Of course everybody is still welcome to answer, maybe You will have a better answer than mine, or just be quicker... –  Justicator Jun 2 '13 at 15:52
    
Well you can't really hide the linked server, but when they try to use it, if their current login context doesn't have any permissions at the other end... –  Aaron Bertrand Jun 2 '13 at 17:35

1 Answer 1

There is no way to "hide" a linked server or prevent unauthorized users from trying to use it. All you can control is whether they actually have access on the other side. A linked server in and of itself is not an actual object; like a synonym, you don't grant access to the alias, just to the thing(s) it references.

Try it out, and you will see that some of your assumptions (e.g. that "a login ... can not see the linked server in object explorer") are false. I did this:

  1. Created a login, and granted no privileges whatsoever, just CONNECT / public role.
  2. Created a linked server, and did not add this login to the list of logins.
  3. Opened a new instance of Management Studio, connecting with this login.
  4. I was able to see all linked servers under Server Objects > Linked Servers.
  5. I was also able to query sys.servers to see the list of linked servers.
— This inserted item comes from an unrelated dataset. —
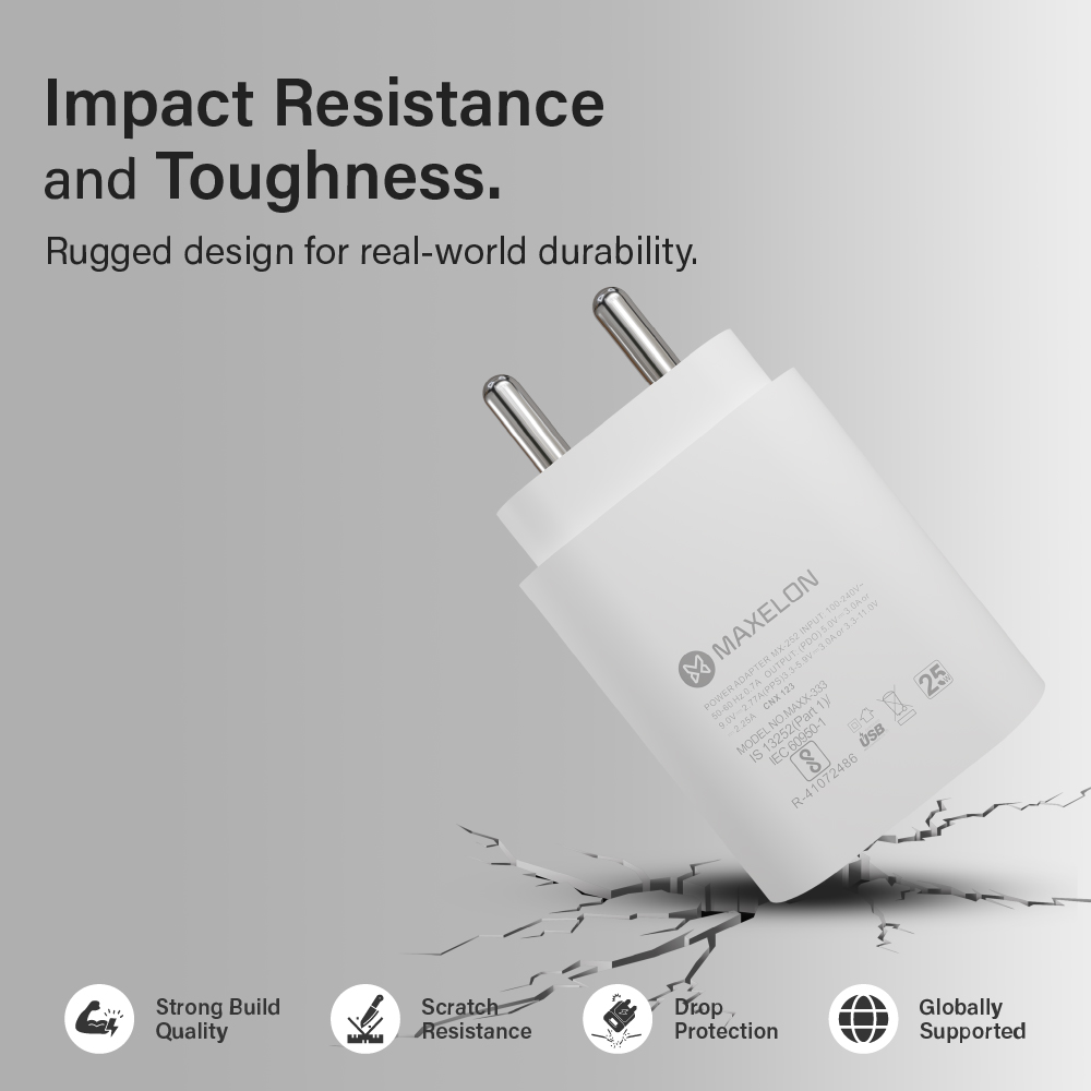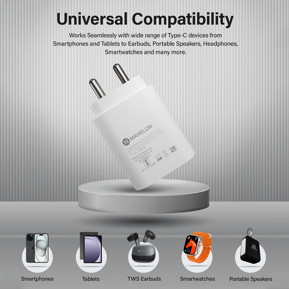 MAXELON – MX-252 25W C-Type Super Fast Adapter | Super Fast Charger Adapter Fast Charging Mobile Adapter | Supports Samsung PSP, Fast charge 2.0 and other Android protocols

I was able to run the following query no problem:

SELECT name FROM [linked server].master.sys.objects;

However I was unable to run queries against non-system databases, since I had not granted explicit access to any non-system database or the objects inside. E.g.:

SELECT SalesOrderID FROM [linked server].AdventureWorks2012.Sales.SalesOrderHeader;

Yielded this error:

Msg 7314, Level 16, State 1, Line 1
The OLE DB provider "SQLNCLI11" for linked server "linked server" does not contain the table ""AdventureWorks2012"."Sales"."SalesOrderHeader"". The table either does not exist or the current user does not have permissions on that table.

I expect that you can achieve more restrictive results by explicitly denying access to specific objects on the linked server (or by DENY CONNECT SQL to that login altogether), but this does not limit its effect to the linked server; it also affects direct connections.

In any case, I fail to see the point of what you're trying to accomplish:

  1. If the user doesn't have access on the other side, what is the harm in letting them try? (You might have better luck telling them not to and auditing them than trying to prevent them from trying in the first place.)
  2. If the user does have access on the other side, why can't they use the linked server?